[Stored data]
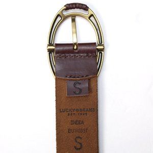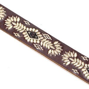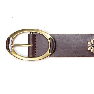 Lucky Brand Leather Belt Brown Cream Embroidery Black Beads Brushed Gold Buckle
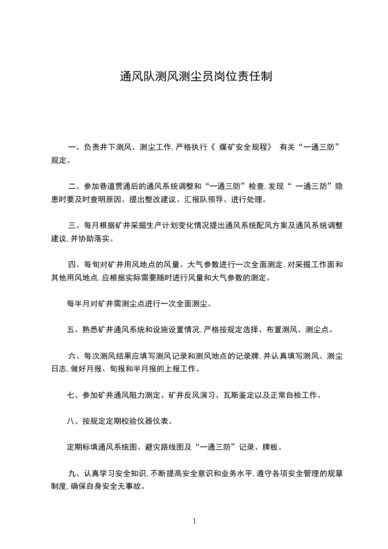 一、负责井下测风、测尘工作,严格执行《 煤矿安全规程》 有关“一通三防”规定。
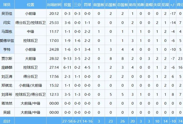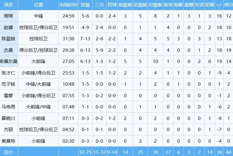 The domestic big three—Zhou Qi, Zhao Rui, and Chen Yingjun—combined for 40 points, 14 rebounds, and 11 assists. Here are Beijing’s stats:
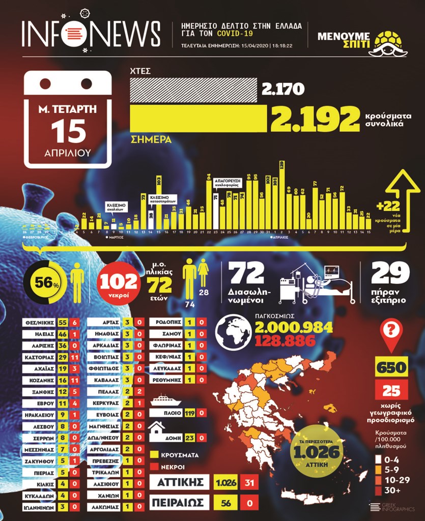 Δείτε στο infographic που ακολουθεί τον ελληνικό χάρτη των κρουσμάτων του κορωνοϊού, καθώς και τα υπόλοιπα στοιχεία:
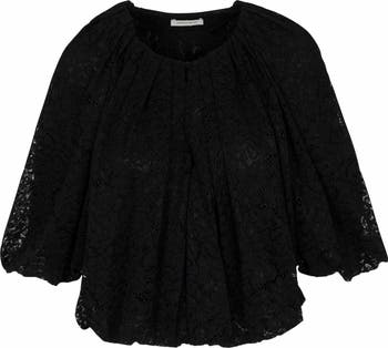 This ethereal cream lace bubble top exudes romantic elegance with a modern twist. Crafted from exquisite corded gallon lace, it features a voluminous silhouette and playful bubble hem, creating a light and airy look perfect for any occasion.
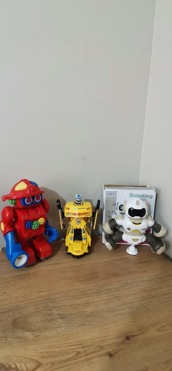 Canlı sarı ve diğer parlak renklerde dönen özellikli renkli oyuncak robot. Ürünler için tek tek fiyat alabilirsiniz. 3lü fiyatı 1300 tl Rotating robot kutulu sıfır ayarındadır 700 tl pazarlık olmaz Itfaıye robotu 600tl Robota dönüşen araba 500tldir.toplu alımda 1300tldir.tek alımda pazarlık yapmıyorum
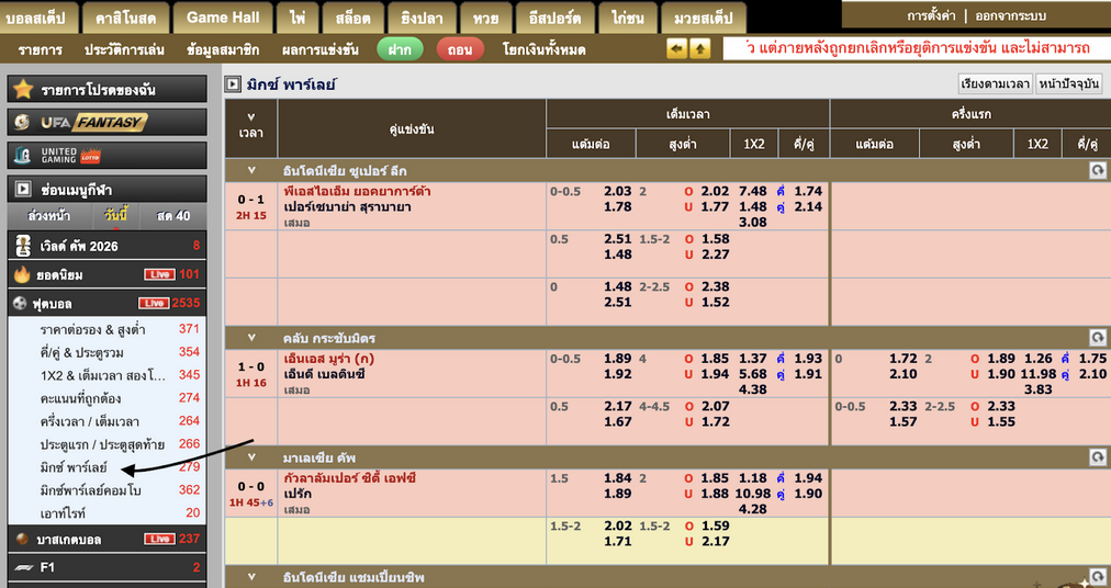 แทงบอลสเต็ป (Mix Parlay):
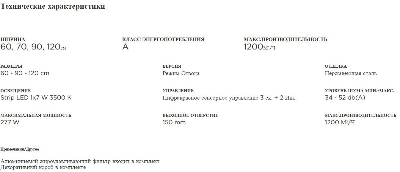 Description: Form factor: T-shaped, width: 60 cm, depth: 42 cm, operating modes: exhaust, maximum productivity: 1200 m³/hour, filter: grease, control type: electronic, lighting type: LED, maximum noise level: 54
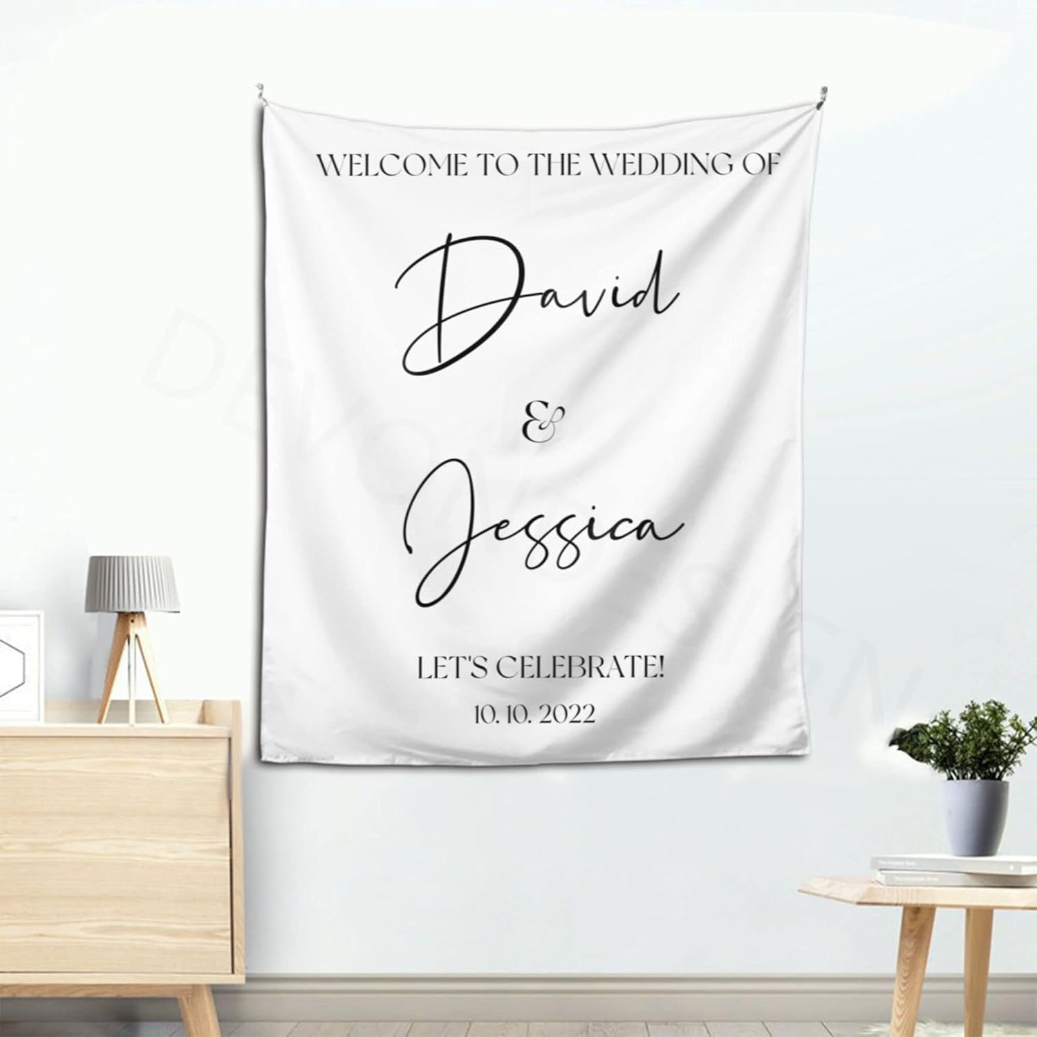 Welcome to Our Wedding Backdrop, Custom Tapestry with Names and Date, Rustic Sign, Personalized Calligraphy Banner for Ceremony, Arch, Reception Let's Celebrate Decor

#### What is expected
Starting at the first line of the data, set down each line exactly until you have copied the line with "The domestic big", but leave the pictures out.

#### Result for this exercise
 Lucky Brand Leather Belt Brown Cream Embroidery Black Beads Brushed Gold Buckle
 一、负责井下测风、测尘工作,严格执行《 煤矿安全规程》 有关“一通三防”规定。
 The domestic big three—Zhou Qi, Zhao Rui, and Chen Yingjun—combined for 40 points, 14 rebounds, and 11 assists. Here are Beijing’s stats:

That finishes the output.